Wieland und der Roman

Wielands erster Roman Der Sieg der Natur über die Schwärmerey oder Die Abentheuer des Don Sylvio von Rosalva (1764) gilt als der erste »moderne« deutsche Roman. Seine erzähltechnische Neuerung bestand im Hervortreten eines Erzählers, der nicht mit einer Romanfigur oder dem Autor identisch ist. Dieser Erzähler bringt eine eigene, von der Handlungsebene abgehobene Ebene in den Roman ein. Zudem reflektiert und kommentiert er das Romangeschehen sowie die Figuren und gibt Urteile zu ihnen ab.
In der Vorrede seines zweiten Romans, Die Geschichte des Agathon (1766/67), formulierte Wieland die Grundidee des »Bildungsromans«, nämlich die Darstellung der inneren Entwicklung eines Charakters in ihrer Beeinflussung durch die äußeren Lebensbedingungen. Der Erzähler spielt hier erneut eine wesentliche Rolle und die Handlungschronologie wird durch zahlreiche Rückblicke systematisch verschachtelt.

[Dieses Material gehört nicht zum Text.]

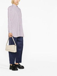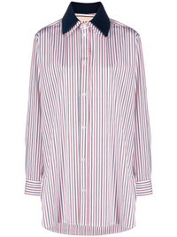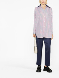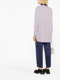 stripe long-sleeved shirt Striped throughout in red, blue and white, this Plan C shirt is crafted from cotton and cut for a relaxed fit. It is characterised by its double collar design, and is framed by long sleeves and a curved hem. Made in Italy Composition Cotton 100%, Polyester 99%, Spandex/Elastane 1% SIZE & FIT Model measurements Height 5 ft 10 in(1.79 m) Bust/Chest 31.49 in(80 cm) Hips 35.03 in(89 cm) Waist 23.62 in(60 cm) FittingInformation This piece fits true to size. We recommend you get your regular size Cut for a loose fit Made with a mid-weight fabric Washing instructions Machine Wash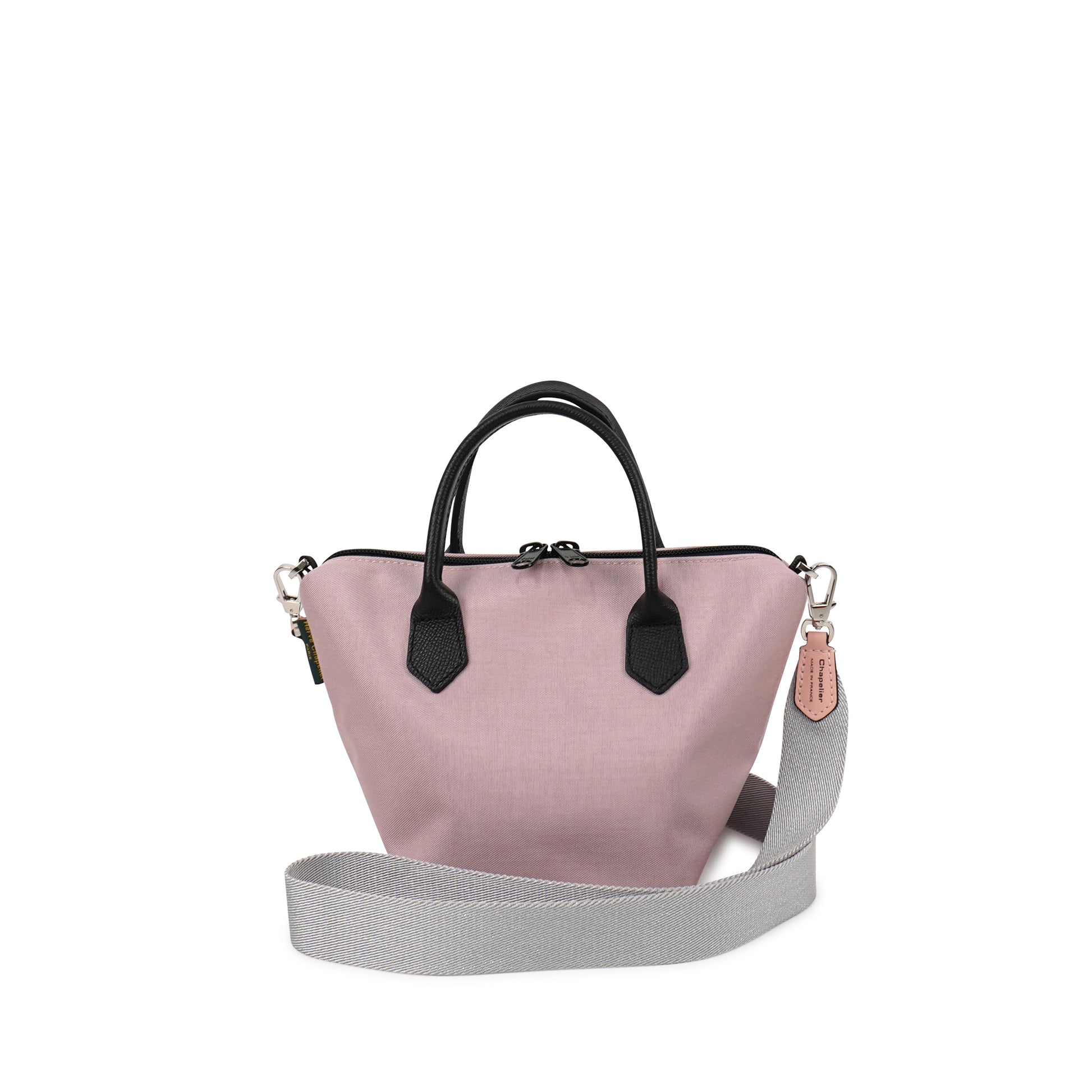 レザーハンドルのミニバッグ。

Am Schluss des Werks wird in der rein reflektierenden Darlegung eines philosophischen Systems dargelegt, wie das richtige Leben aussehen müsste.
Wielands darauffolgender Roman Der goldne Spiegel (1772) bildet ein Gegenmodell zum Agathon. Er reiht sich in die Tradition des Fürstenspiegels und des Staatsromans ein, wobei ihm die Idee eines Staates im Sinne des aufgeklärten Absolutismus zugrundeliegt. Der Mensch beziehungsweise der Fürst erscheint darin als erziehungsfähig und -bedürftig. Diese Erziehung soll sich im Wesentlichen an den Verstand richten und darf sich nicht den unklaren und diffusen Kräften der Außenwelt überlassen.
Die Geschichte des weisen Danischmend (1775) stellt wiederum ein Gegenbild zu Der goldne Spiegel dar, dessen Themen darin aufgegriffen und ironisiert werden. Wieland arbeitet darin mit einer Unmenge an Fußnoten und ironisch kommentierenden Bemerkungen, welche die Hauptgeschichte zurückdrängen.
In seiner Geschichte der Abderiten (seit 1774) präsentierte Wieland nochmals eine neue Form des Romans, diesmal als lockere, über mehrere Jahre hinweg veröffentlichte Sammlung von Gedichten. Auch in diesem Werk stellte er seine Welt- und Menschensicht vor, laut der die Menschen nicht schlecht, aber närrisch und ungeschickt sind.
Vgl. Brenner: Neue deutsche Literaturgeschichte, S. 90-92.